Amendments En Bloc No. 17 Offered by Mr. Smith of Washington
Mr. SMITH of Washington. Madam Chair, pursuant to House Resolution
476, I offer amendments en bloc.
The Acting CHAIR. The Clerk will designate the amendments en bloc.
Amendments en bloc No. 17 consisting of amendment Nos. 432, 433, 434,
435, 436, and 439, printed in part B of House Report 116-143, offered
by Mr. Smith of Washington:
Amendment No. 432 Offered by Miss Rice of New York
At the end of subtitle G of title X, insert the following:
SEC. 10__. COMPTROLLER GENERAL REVIEW OF DEPARTMENT OF
DEFENSE SUPPORT FOR THE DEPARTMENT OF HOMELAND
SECURITY OPERATIONS ON THE SOUTHWEST BORDER OF
THE UNITED STATES.
(a) Review Required.--The Comptroller General of the United
States shall conduct a review of ongoing and planned future
Department of Defense support for Department of Homeland
Security operations to secure the southwest border of the
United States.
(b) Report and Briefing.--
(1) Briefing.--Not later than 180 days after beginning to
conduct the review required under subsection (a), the
Comptroller General shall provide to the Committees on Armed
Services and Homeland Security and Governmental Affairs of
the Senate and the Committees on Armed Services and Homeland
Security of the House of Representatives a briefing on the
review.
(2) Report.--Subsequent to providing the briefing under
paragraph (1), the Comptroller General shall submit to the
Committees on Armed Services and Homeland Security and
Governmental Affairs of the Senate and the Committees on
Armed Services and Homeland Security of the House of
Representatives a report on the review.
Amendment No. 433 Offered by Mr. Stanton of Arizona
At the end of subtitle G of title V, add the following new
section:
SEC. 567. INCLUSION OF QUESTION REGARDING IMMIGRATION STATUS
ON PRESEPARATION COUNSELING CHECKLIST (DD FORM
2648).
Not later than September 30, 2020, the Secretary of Defense
shall modify the preseparation counseling checklist for
active component, active guard reserve, active reserve, full
time support, and reserve program administrator service
members (DD Form 2648) to include a specific block wherein a
member of the Armed Forces may indicate that the member would
like to receive information regarding the immigration status
of that member and expedited naturalization.

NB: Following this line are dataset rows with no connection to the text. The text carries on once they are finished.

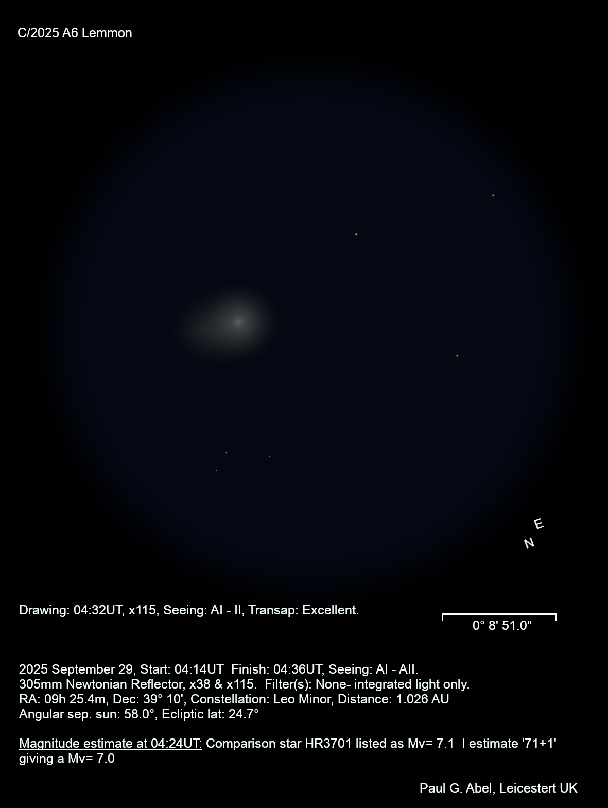 Observation by Paul G. Abel: C/2025 A6 Lemmon
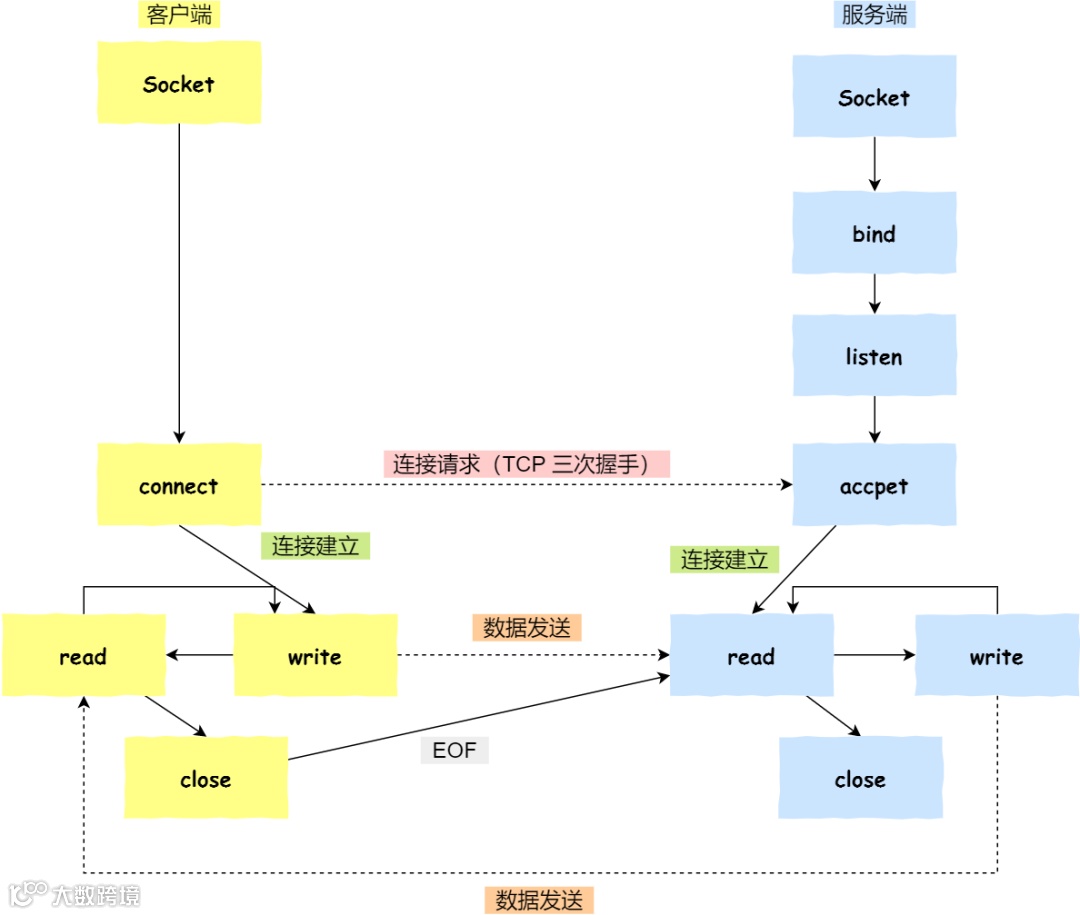 这里需要注意的是,服务端调用 accept 时,连接成功了会返回一个已完成连接的 socket,后续用来传输数据。
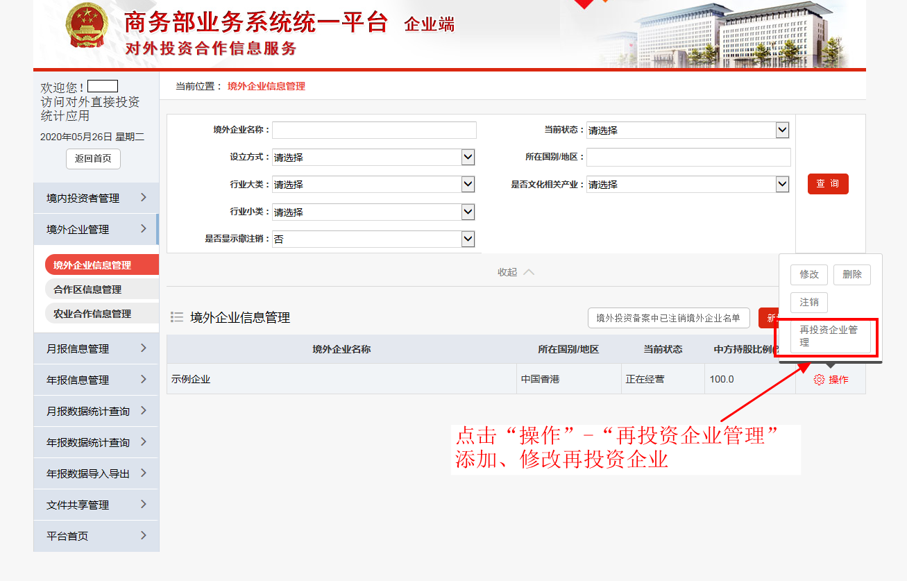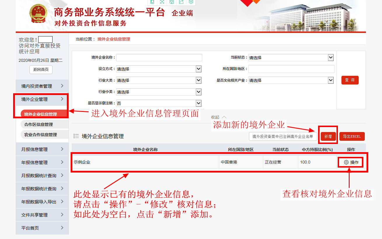 (1)进入“境外企业信息管理”页面

Amendment No. 434 Offered by Mr. Takano of California
At the end of subtitle C of title V, add the following new
section:
SEC. 530. NOTIFICATION TO SECRETARY OF HOMELAND SECURITY OF
HONORABLE DISCHARGES OF NON-CITIZENS.
(a) Notice Required.--The Secretary of Defense shall
provide the Secretary of Homeland Security with a copy of the
Certificate of Release or Discharge from Active Duty (DD Form
214) for each individual who is not a citizen of the United
States who is honorably discharged from the Armed Forces so
the Secretary of Homeland Security may note such discharge in
an I-213 Record of Deportable/Inadmissible Alien for that
individual.
(b) Deadline.--The Secretary of Defense shall provide each
notice under this section not later than 30 days after the
date of such discharge.
Amendment No. 435 Offered by Mr. Aguilar of California
At the end of subtitle G of title V, add the following:
SEC. 567. COUNSELING TO MEMBERS WHO ARE NOT CITIZENS OF THE
UNITED STATES.
(a) In General.--The Secretary concerned shall furnish to
covered individuals under the jurisdiction of that Secretary
counseling regarding how to apply for naturalization.

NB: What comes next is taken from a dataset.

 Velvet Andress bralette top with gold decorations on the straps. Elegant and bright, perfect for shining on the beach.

(b) Covered Individual Defined.--In this section, the term
``covered individual'' means a member of the Armed Forces who
is not a citizen of the United States.
Amendment No. 436 Offered by Mr. Aguilar of California
At the end of subtitle C of title V, add the following:
SEC. 530. PROHIBITION ON INVOLUNTARY SEPARATION OR
DEPORTATION OF MEMBERS OF THE ARMED FORCES WHO
ARE DACA RECIPIENTS OR HAVE TEMPORARY PROTECTED
STATUS.
(a) DACA.--No covered person who has received deferred
action under the Deferred Action for Childhood Arrivals
program of the Department of Homeland Security, established
pursuant to the memorandum of the Secretary of Homeland
Security dated June 15, 2012, may, solely on the basis of
such deferred action, be--
(1) involuntarily separated from the Armed Forces;
(2) placed into removal proceedings; or
(3) removed from the United States.
(b) TPS.--No covered person who has temporary protected
status under section 244 of the Immigration and Nationality
Act (8 U.S.C. 1254a), may, solely on the basis of such
status, be--
(1) involuntarily separated from the Armed Forces;
(2) placed into removal proceedings; or
(3) removed from the United States.
(c) Covered Person Defined.--In this section, the term
``covered person'' means--
(1) a member of the Armed Forces; or
(2) an individual who was discharged from the Armed Forces
under honorable conditions.
Amendment No. 439 Offered by Mr. Pocan of Wisconsin
At the end of subtitle C of title V, add the following new
section:
SEC. 530. REVIEW OF DISCHARGE CHARACTERIZATION.
(a) Short Title.--This section may cited as the ``Restore
Honor to Service Members Act''.
(b) In General.--In accordance with this section, and in a
manner that is consistent across the entire Department of
Defense, the appropriate discharge boards shall review the
discharge characterization of covered members at the request
of a covered member, and shall change the discharge
characterization of a covered member to honorable if such
change is determined to be appropriate after a review is
conducted.
(c) Appeal.--A covered member, or the representative of the
member, may appeal a decision by the appropriate discharge
board to not change the discharge characterization by using
the regular appeals process of the board.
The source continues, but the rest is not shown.